Title: AI and the future of pneumonia diagnosis
Xinliang Zheng – firstname.lastname@example.org
Sourabh Kulhare – email@example.com
Courosh Mehanian — firstname.lastname@example.org
Ben Wilson — email@example.com
Intellectual Ventures Laboratory
14360 SE Eastgate Way
Bellevue, WA 98007, U.S.A.
Zhijie Chen – firstname.lastname@example.org
SHENZHEN MINDRAY BIO-MEDICAL ELECTRONICS CO., LTD.
Mindray Building, Keji 12th Road South,High-tech Industrial Park,
Nanshan, Shenzhen 518057, P.R. China
Popular version of paper 1aBA5
Presented Monday morning, November 5, 2018
176th ASA Meeting, Minneapolis, MN
A key gap for underserved communities around the world is the lack of clinical laboratories and specialists to analyze samples. But thanks to advances in machine learning, a new generation of ‘smart’ point-of-care diagnostics are filling this gap and, in some cases, even surpassing the effectiveness of specialists at a lower cost.
Take the case of pneumonia. Left untreated, pneumonia can be fatal. The leading cause of death among children under the age of five, pneumonia claims the lives of approximately 2,500 a day – nearly all of them in low-income nations.

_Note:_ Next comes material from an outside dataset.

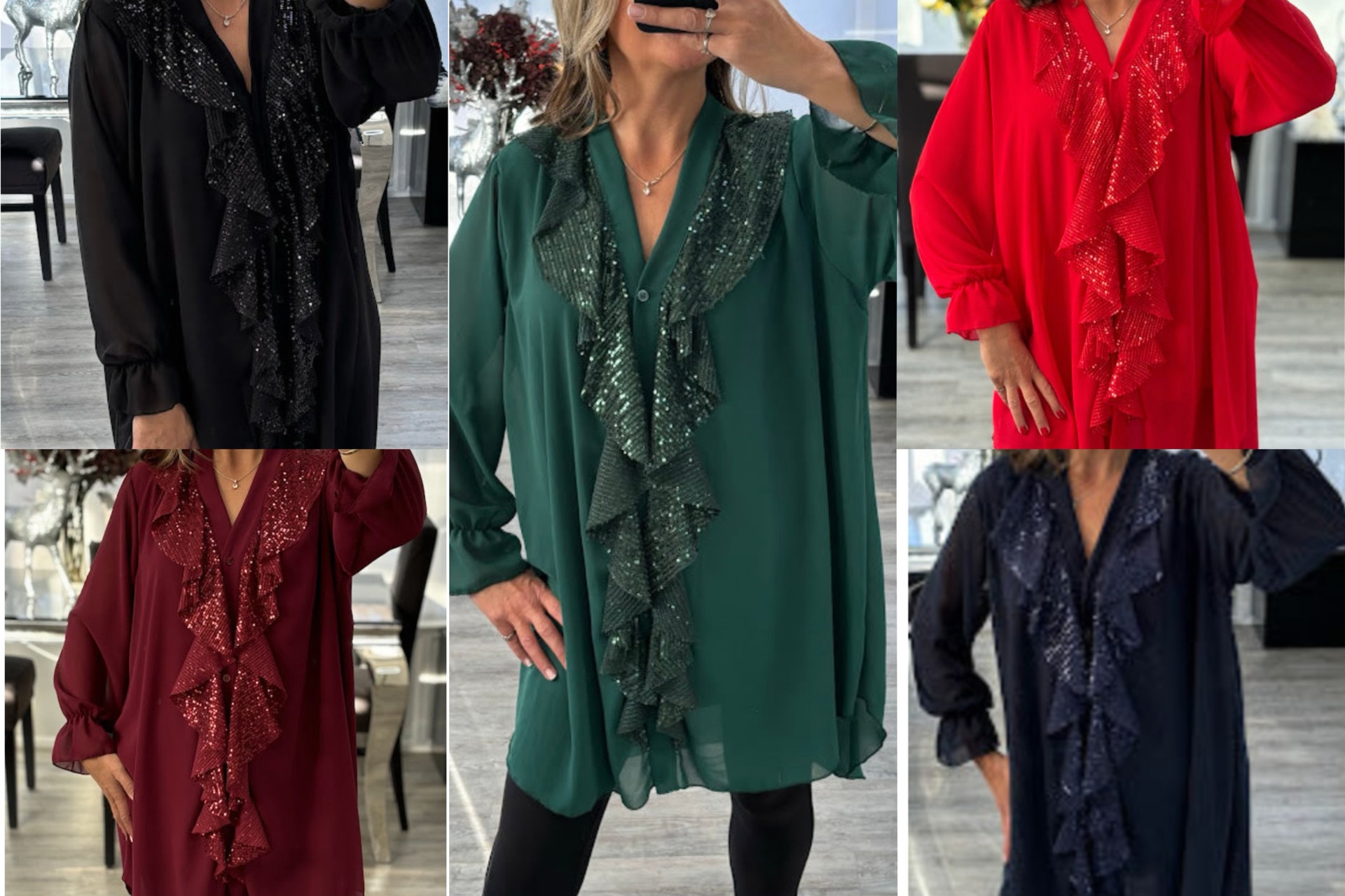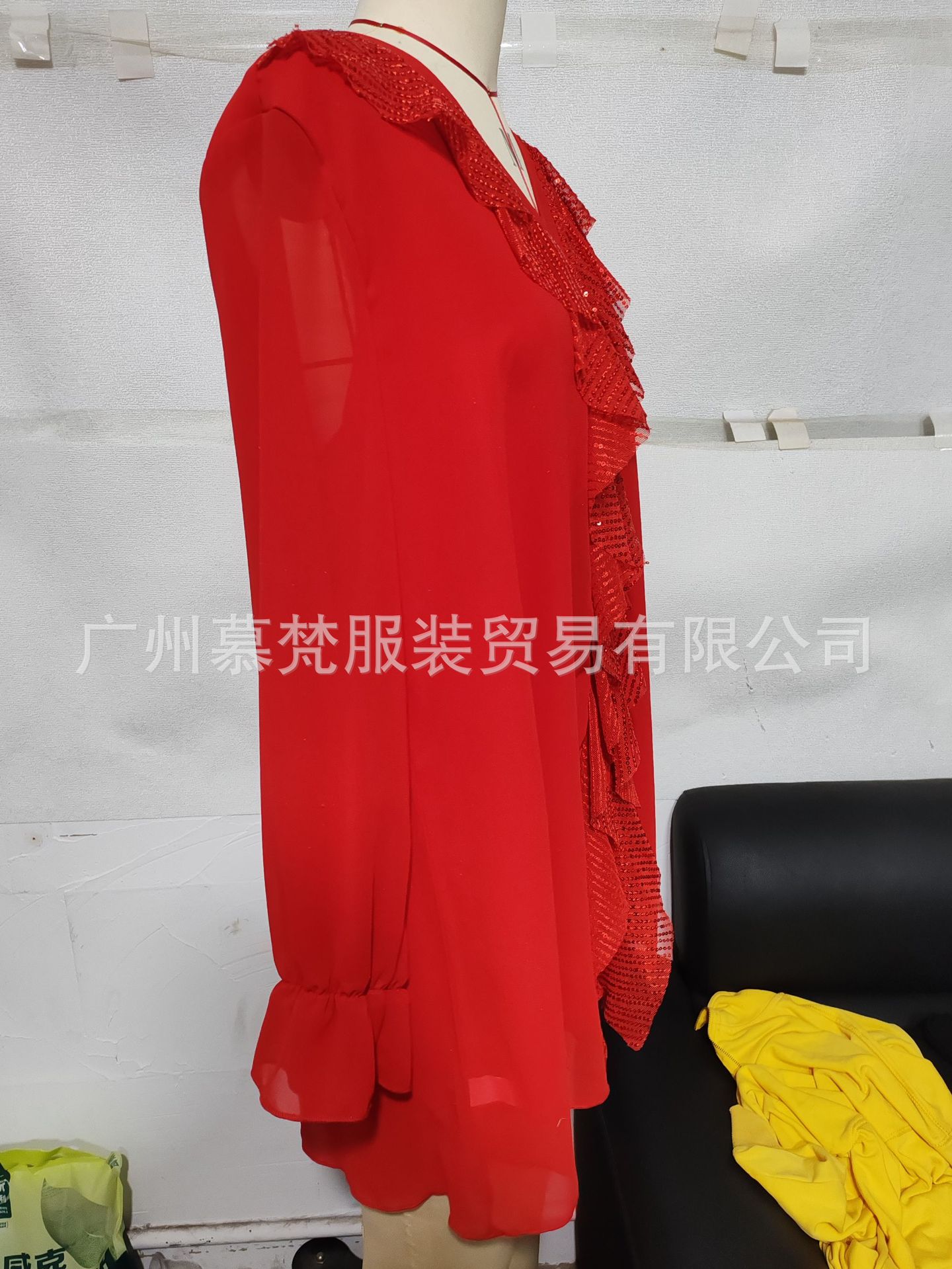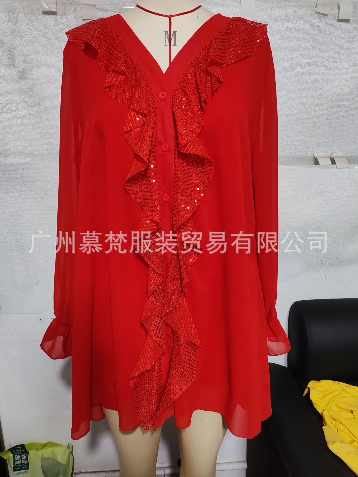 2024 AliExpress Amazon 독립 스테이션 유럽과 미국 새로운 V-넥 쉬폰 긴 소매 긴 셔츠 스팽이 스팽글 여성스토어 가기

To understand why, consider the differences in how the disease is diagnosed in different parts of the world. When a doctor in the U.S. suspects a patient has pneumonia, the patient is usually referred to a highly-trained radiologist, who takes a chest X-ray using an expensive machine to confirm the diagnosis.
Because X-ray machines and radiologists are in short supply across much of sub-Saharan Africa and Asia and the tests themselves are expensive, X-ray diagnosis is simply not an option for the bottom billion. In those settings, if a child shows pneumonia symptoms, a cough and a fever, she is usually treated with antibiotics as a precautionary measure and sent on her way. If, in fact, the child does not have pneumonia, this means she receives unnecessary antibiotics, leaving her untreated for her real illness and putting her health at risk. The widespread overuse of antibiotics also contributes to the buildup in resistance of the so-called “superbug” – a global threat.
In this context, an interdisciplinary team of algorithm developers, software engineers and global health experts at Intellectual Ventures’ Global Good—a Bill and Melinda Gates-backed technology fund that invents for humanitarian impact—considered the possibility of developing a low-cost tool capable of automating pneumonia diagnosis.
The team turned to ultrasound – an affordable, safe, and widely-available technology that can be used to diagnose pneumonia with a comparable level of accuracy to X-ray.
It wouldn’t be easy. To succeed, the device would need to be cost-effective, portable, easy-to-use and able to do the job quickly, accurately and automatically in challenging environments.
Global Good started by building an algorithm to recognize four key features associated with lung conditions in an ultrasound image – pleural line, B-line, consolidation and pleural effusion. This called for convolutional neural networks (CNNs)—a machine learning method well-suited for image classification tasks. The team trained the algorithm by showing it ultrasound images collected from over 70 pediatric and adult patients. The features were annotated on the images by expert sonographers to ensure accuracy.
Early tests show that the algorithm can successfully recognize abnormal lung features in ultrasound images and those features can be used to diagnose pneumonia as reliably as X-ray imaging—a highly encouraging outcome.
The algorithm will eventually be installed on an ultrasound device and used by minimally-trained healthcare workers to make high-quality diagnosis accessible to children worldwide at the point of care. Global Good hopes that the device will eventually bring benefits to patients in wealthy markets as well, in the form of a lower-cost, higher quality and faster alternative to X-ray.